It’s 2022, and color film shooters are panicking. Their favorite films are disappearing, prices are increasing, and supply shortages are limiting availability around the world. The production of color film simply has not been able to keep up with the ever-increasing demand.
In response, many companies have thrown their hats into the color film ring. Lomography has released many experimental films, and companies like Silberra, Adox, and Cinestill have also recently tried out color film.
Now, there’s a new player on the market: Santa. Yes, Santa Claus himself is trying to bring color film to the good Leica boys and Leica girls around the world. And he needs your help.
From the makers of Santa Rae 1000 and 125 comes a new color film: Santacolor 100! This project is now live on Indiegogo, and you can check it out (along with image samples) right here.
Santa has produced two black & white films before, both made using Russian air surveillance film. Because of the war in Ukraine, though, the company ceased production of both those films. On top of that, the company donated all the costs & profits (Over $26,000) from their remaining stock of film to humanitarian aid in Ukraine.
This new color film, though, is different. This film is sourced from the United States and hand-spooled by Santa’s elves in Finland! They aim to have a final retail price between 10 and 13 dollars per roll. It’s not consumer-grade film, but it’s not Portra either.
IndieGoGo backers will also receive around a 40% discount for being an early adopter! That brings the per-roll cost down to single digits.
The issue, and the reason for the IndieGoGo, is that the minimum order is 15,000 rolls. That equates to a bit over $130,000. It’s up to the film community to show their passion and support for color photography. According to the IndieGoGo, this is how the Santa team will spend the money if the goal is reached.
- Film material: 50,000€ (~$53,000)
- Taxes and fees: 23,000€ (~$24,500)
- Labour and equipment to spool: 17,000€ (~$18,000)
- Shipping to customers: 16,000€ (~$17,000)
- Packaging and logistics: 6,000€ (~$6,400)
- 10% extra for unforeseen circumstances
Speaking of unforeseen circumstances, this is still a crowdfunded project. Although this is an experienced team with decades of film experience between them, there’s still a chance that things don’t go as planned. According to them, the most likely source of issues will be delayed shipments and a lack of available canisters. Not the worst problems to have, but important to know if you plan to back the project.
Luckily, the team at Santa is experienced. Aside from shipping thousands of rolls of Santa black & white film already, they’ve also managed and ran successful IndieGoGo campaigns for products like the VALOI camera scanning system before.

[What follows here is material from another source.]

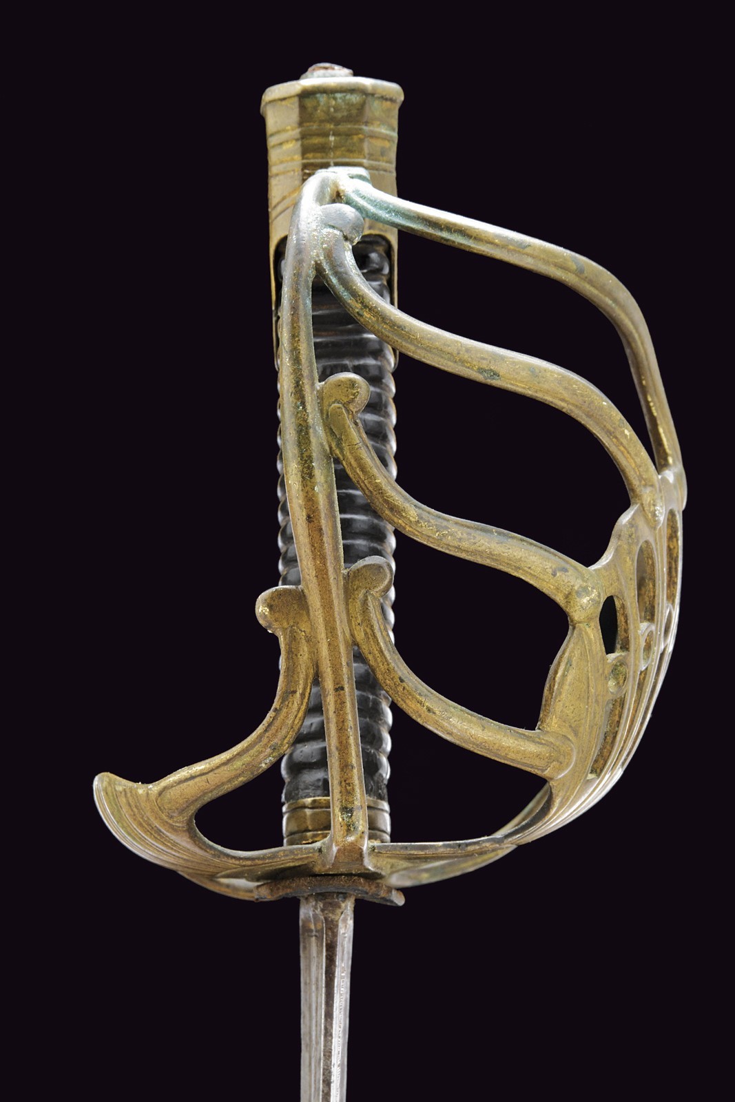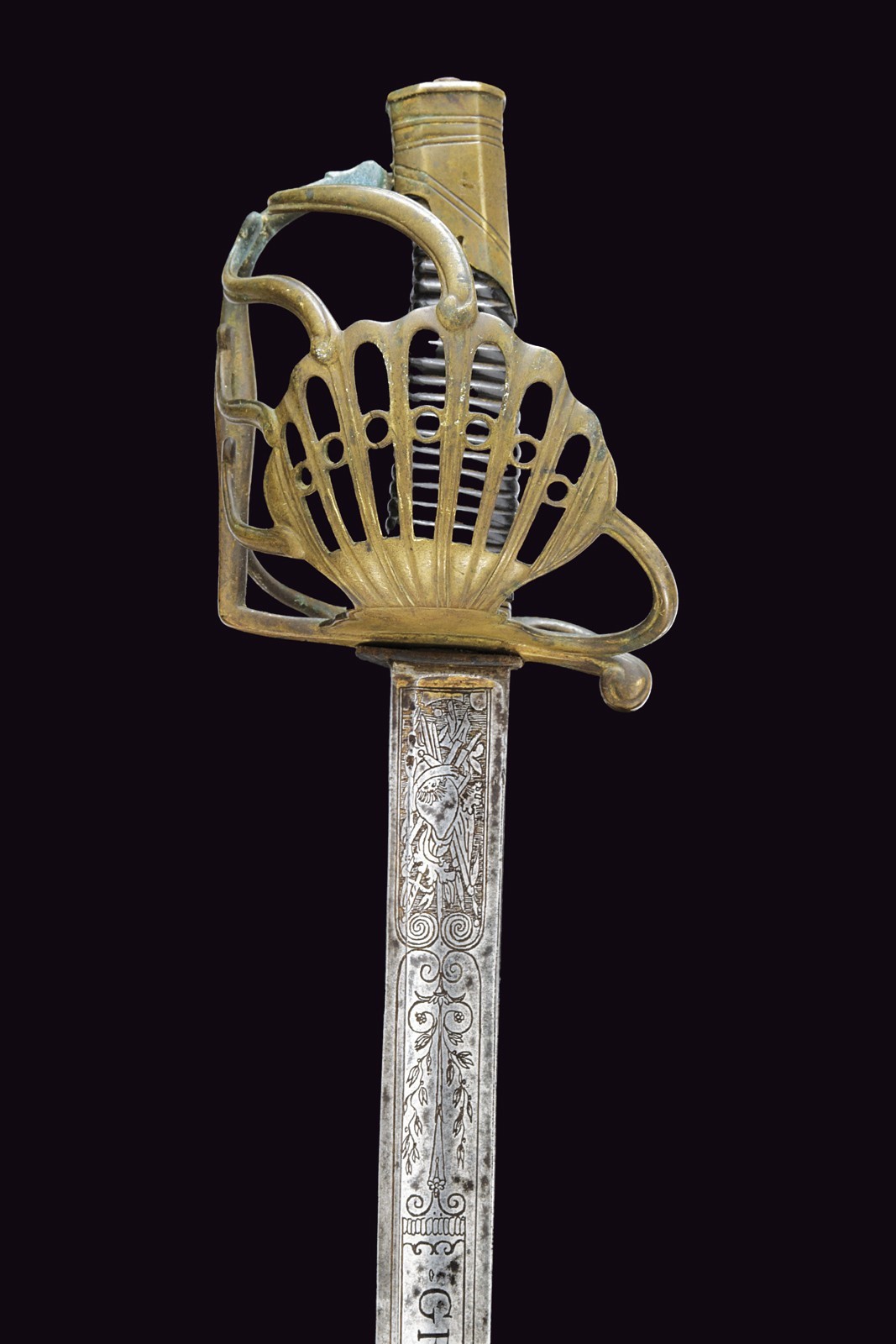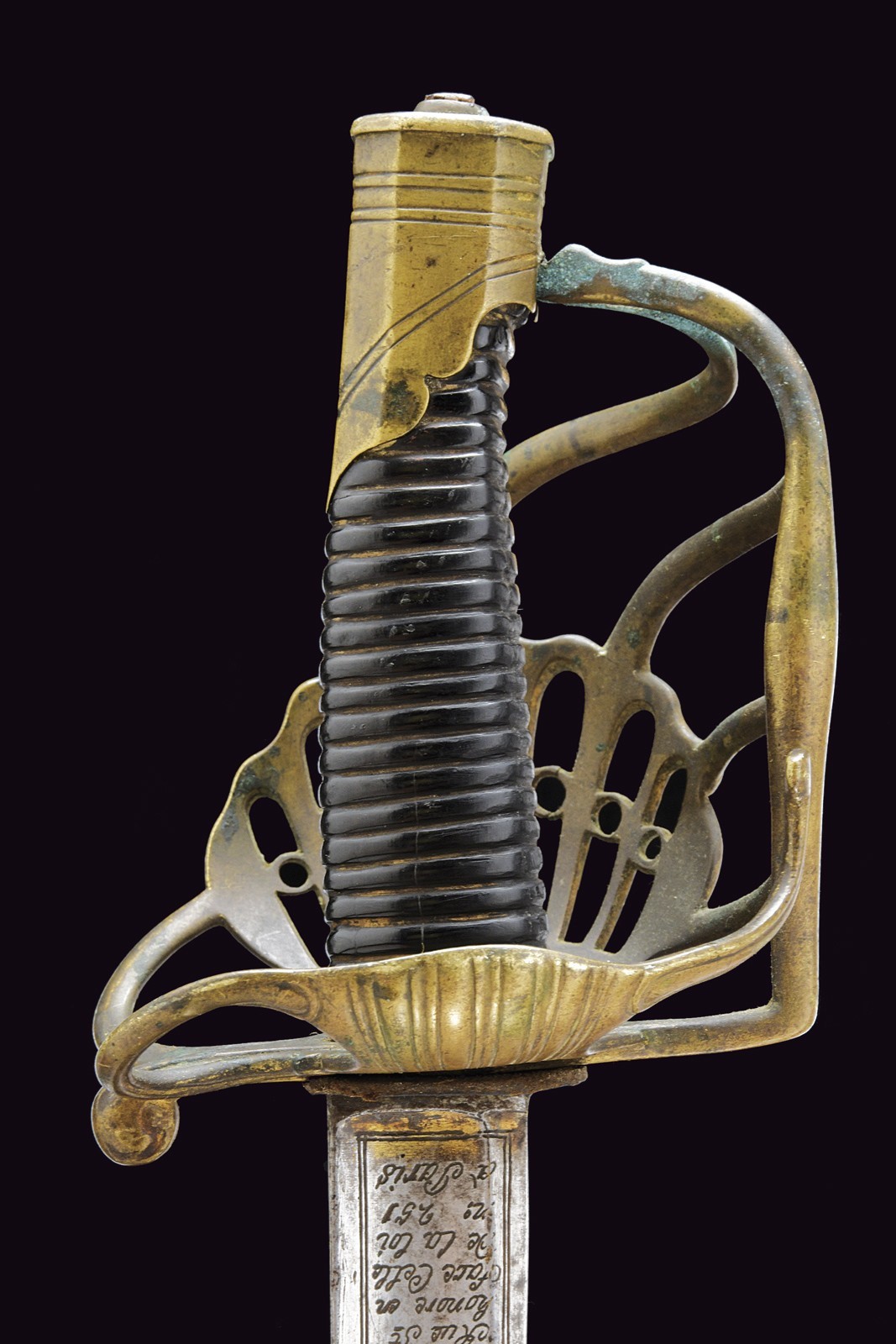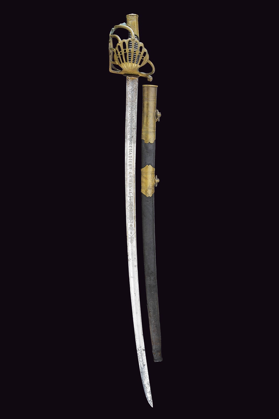 Lama curva a un filo e breve controfilo, sgusciata e con scanalatura accanto al dorso nel segmento centrale. In punta lievi intaccature. Il dorso marcato "Klingenthal". La prima metà incisa sul lato di terza con l'iscrizione "GRENADIERS A CHEVAL" entro un cartiglio sormontato dalla "N" posta entro un serto il quale è a sua volta soprastato dall'aquila imperiale francese coronata. In basso un trofeo d'armi e decorazioni floreali. Sul lato di quarta "GARDE IMPERIALE", lo stesso fregio napoleonico e, alla base l'iscrizione "Duc Fourbisseur de la Garde Imperiale / Rue St. Honore en face Celle de la Loi No. 251 a Paris". Tracce di doratura. Fornimento in bronzo a "garde de bataille" (leggermente traballante) in patina antica. Cappetta corta liscia di sezione ottagonale. Impugnatura in ebano senza trecciola, con lievi mancanze. Resti del fodero antico in cuoio con evidenti segni d'uso e del tempo. Presenti ancora cappa e fascetta a due campanelle, con patina coeva all'elso.

They use the established logistics department from Kamerastore.com to make sure all orders get where they need to go, and they have experience marketing products for both Kamerastore and Camera Rescue.
Since Santacolor will be re-spooled by hand, there’s no DX code. Fortunately, most DX dependent cameras default to ISO 100 when they don’t detect the code, meaning this film will still be exposed properly.
Another interesting thing about the film is that it’s lacking the backing layer found on most C-41 films. This makes Santacolor thinner than normal film, but also changes the color profile a bit. Good labs will be able to correct for this, but if you’re self-scanning you may need to adjust your settings to compensate. Unfortunately, this film cannot be printed using the RA4 process. Apparently, though, it makes some nice slides if developed in E6 chemistry! Maybe because it has a transparent film base?
It’s pretty simple, in the end. The experienced Santa team is turning their attention to an underutilized, US-produced color film and wants to buy enough to supply the world! They plan to buy 1000 feet rolls of the film and hand-spool it into recycled cartridges at their office in Finland.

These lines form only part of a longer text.